Kaelen didn't get angry. She didn't retaliate. A slow, terrifyingly sharp smile spread across her face.
"There she is," Kaelen whispered. "The Queen finally decided to show up."
The Collapse
The victory was short-lived. The moment the adrenaline from that hit faded, the "Spirit Exhaustion" hit me like a tidal wave.
The violet rune on my forehead began to thrum with a heat so intense I felt like my brain was boiling. I tried to take a step toward Kaelen, to finish what I started, but my knees didn't just buckle—they gave out entirely.
The world tilted. The black obsidian floor rushed up to meet me, but this time, I didn't feel the impact.
I felt a pair of strong, massive arms catch me before I hit the stone. I smelled cedar and rain. I felt the steady, thundering heartbeat of a King against my cheek.
"Enough," Malachi's voice vibrated through my chest. It wasn't directed at me, but at Kaelen.
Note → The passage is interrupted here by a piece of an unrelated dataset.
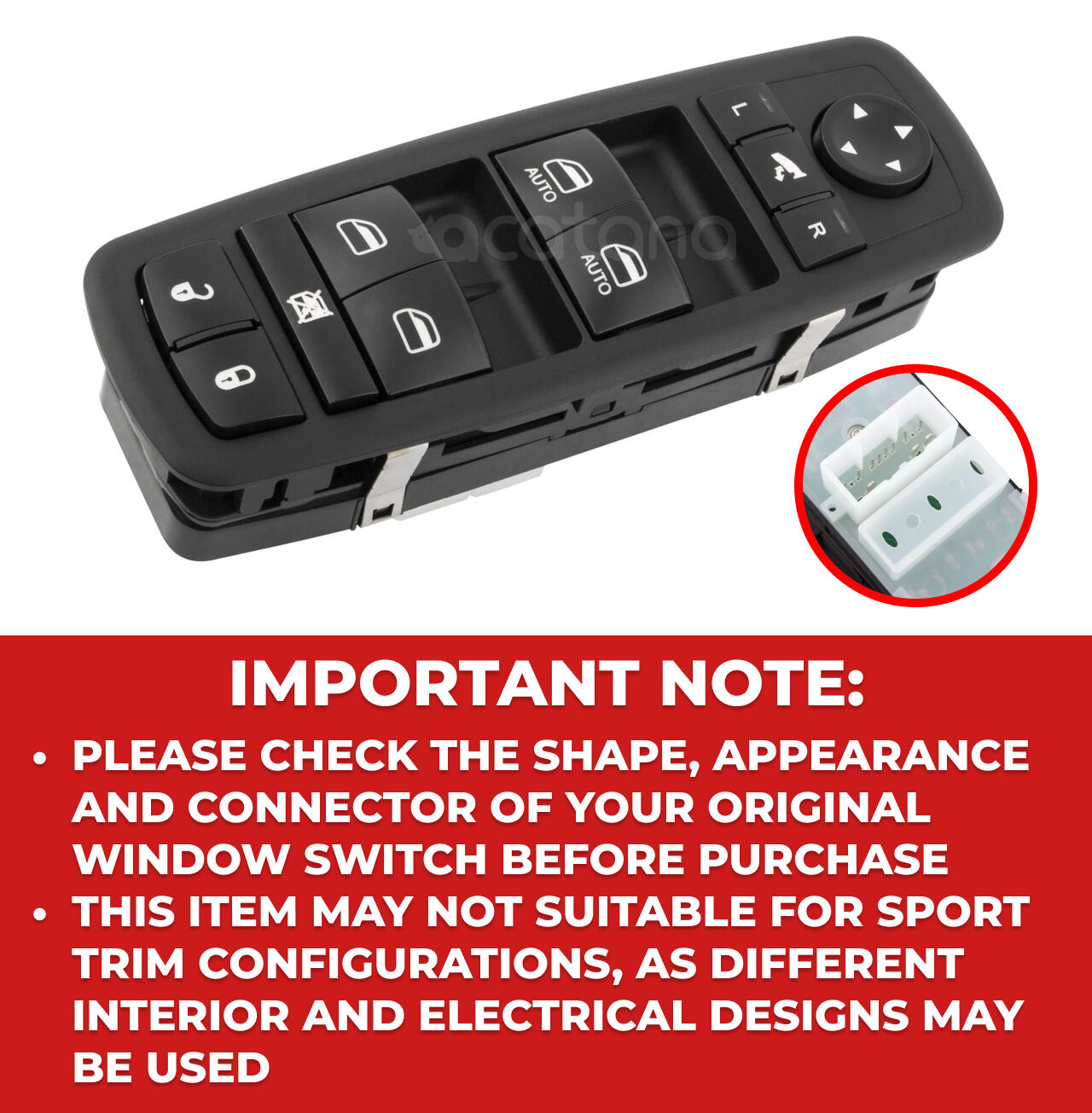 - Please check the shape, appearance and connector of your original window switch before purchase

It was a command that brooked no argument.
"She landed a hit, Alpha," Kaelen said, her voice sounding far away. "The girl is gone. The warrior is waking up."
"She's also dying of exhaustion," Malachi growled.
He lifted me, cradling me against his chest as if I weighed nothing. I tried to speak, to tell him I could walk, but my jaw wouldn't move. I could only tuck my head into the crook of his neck, breathing in his scent as the darkness finally pulled me under.
The last thing I felt was the "Tether"—that violet cable—pulsing with a protective, fierce heat that told me I was safe. I had survived the first day. But as I slipped into the black, I knew the real work had only just begun.